Ella is moved by Bryn’s total commitment to Jill, which causes her to reflect on her own complicated relationship with this family. She must adhere to strict professionalism, but she feels she can’t fulfill her role as a caregiver without violating the emotional barriers dictated by her job. This conundrum in turn makes her analyze her total position in life and what brought her to it.

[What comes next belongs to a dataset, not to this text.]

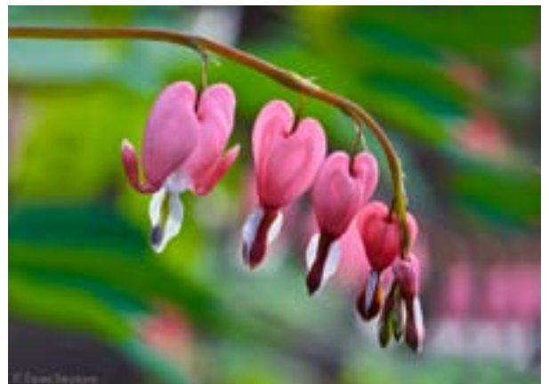
HM - "Bleeding Hearts" - Ernie Swanson

Savage, who spent nearly a decade working as a caregiver herself, writes with elegant prose that is aided by penetrating insights into what it means to be in a “pink collar” profession. The novel is also a timely intergenerational exploration. Ella is a millennial in a situation faced by many people her age. She’s bright and artistic, but a lucrative career doesn’t appear to be in her future. Bryn and Jill are part of a growing number of Americans who have to rely on outside assistance to get by. Savage explores this wide gulf with sensitivity and nuance.

In the end, many readers will be glad this novel has a lot to say.

(1) comment

Dwasserba

Hard to believe that anyone over 60 hasn't already been a minor or major character in some version of this circumstance.